Effect of external tension on the wetting of an elastic sheet

Recent studies of elastocapillary phenomena have triggered interest in a basic variant of the classical Young-Laplace-Dupre (YLD) problem: the capillary interaction between a liquid drop and a thin solid sheet of low bending stiffness. Here we consider a two-dimensional model where the sheet is subjected to an external tensile load and the drop is characterized by a well-defined Young's contact angle theta Y. Using a combination of numerical, variational, and asymptotic techniques, we discuss wetting as a function of the applied tension. We find that, for wettable surfaces with 0 < theta Y < pi/2, complete wetting is possible below a critical applied tension due to the deformation of the sheet in contrast with rigid substrates requiring theta Y = 0. Conversely, for very large applied tensions, the sheet becomes flat and the classical YLD situation of partial wetting is recovered.
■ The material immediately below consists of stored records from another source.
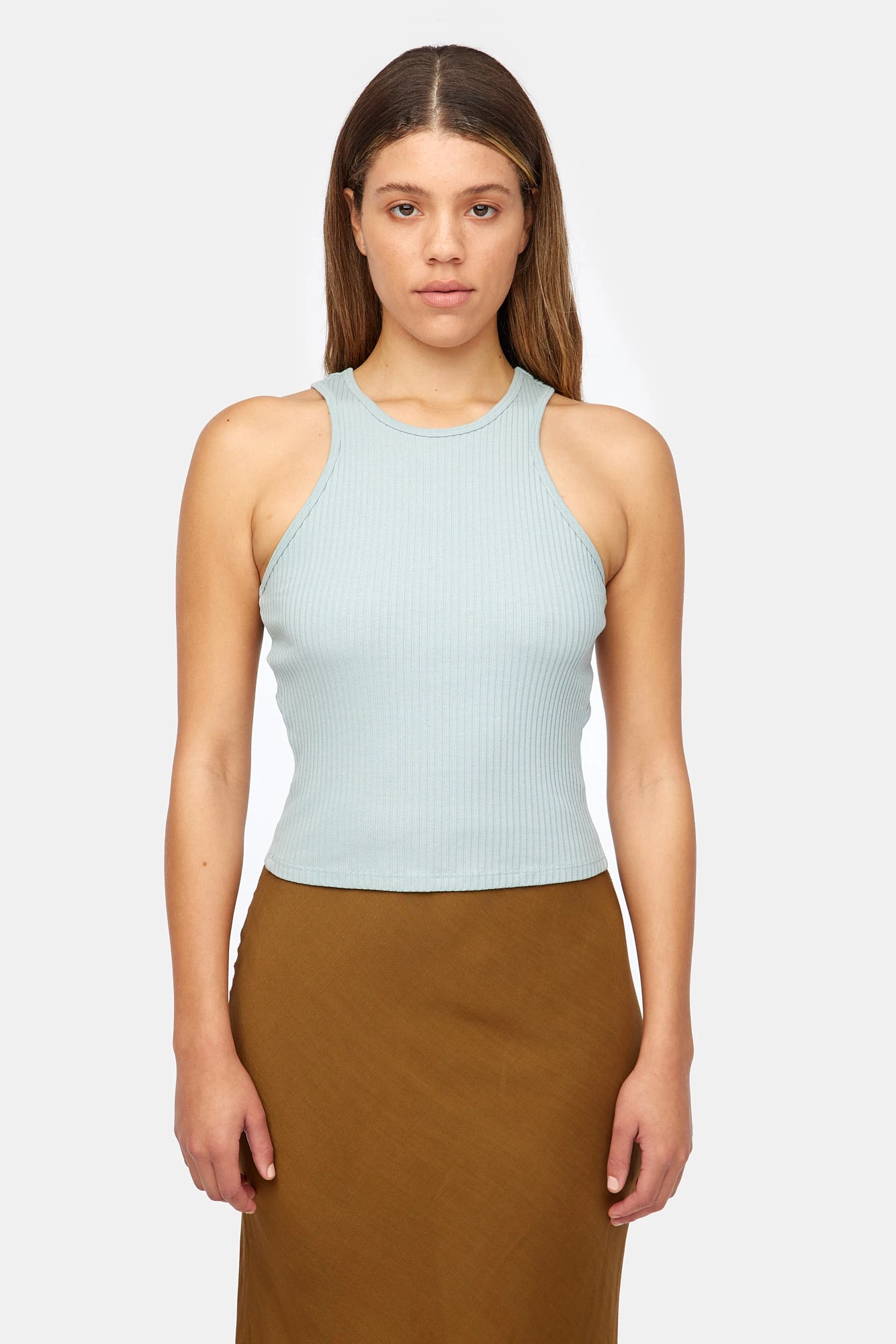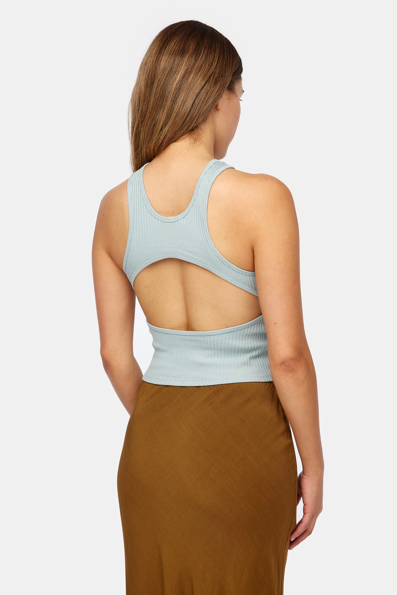 A classic ribbed tank with a peek-a-boo cutout in the back.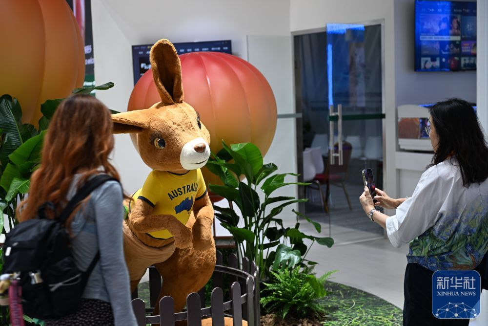 ↑ 9月9日,一名女子拍攝本屆服貿會主賓國澳大利亞展臺上的袋鼠玩偶。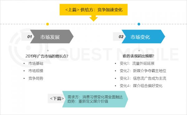 2019年的互联网广告市场正在发生一场变革,无论是从供给方还是从需求方,都在变化中迎合营销环境的变化。本篇报告将从供给方、需求方分别描述互联网广告市场变化。

At intermediate tensions, a vesicle forms in the sheet, which encloses most of the fluid, and we provide an accurate asymptotic description of this wetting state in the limit of small bending stiffness. We show that bending stiffness, however small, affects the entire shape of the vesicle. Rich bifurcation diagrams involving partial wetting and vesicle solution are found. For moderately small bending stiffnesses, partial wetting can coexist with both the vesicle solution and complete wetting. Finally, we identify a tension-dependent bendocapillary length, lambda BC, and find that the shape of the drop is determined by the ratio A/lambda 2BC, where A is the area of the drop.

Automated summary

Recent studies have focused on the capillary interaction between a liquid drop and a thin solid sheet of low bending stiffness. Wetting behavior is discussed as a function of applied tension using numerical, variational, and asymptotic techniques. Complete wetting is possible for wettable surfaces with a defined Young's contact angle below a critical applied tension. A vesicle forms in the sheet at intermediate tensions, enclosing most of the fluid, and the shape of the drop is determined by the ratio of area to a tension-dependent bendocapillary length.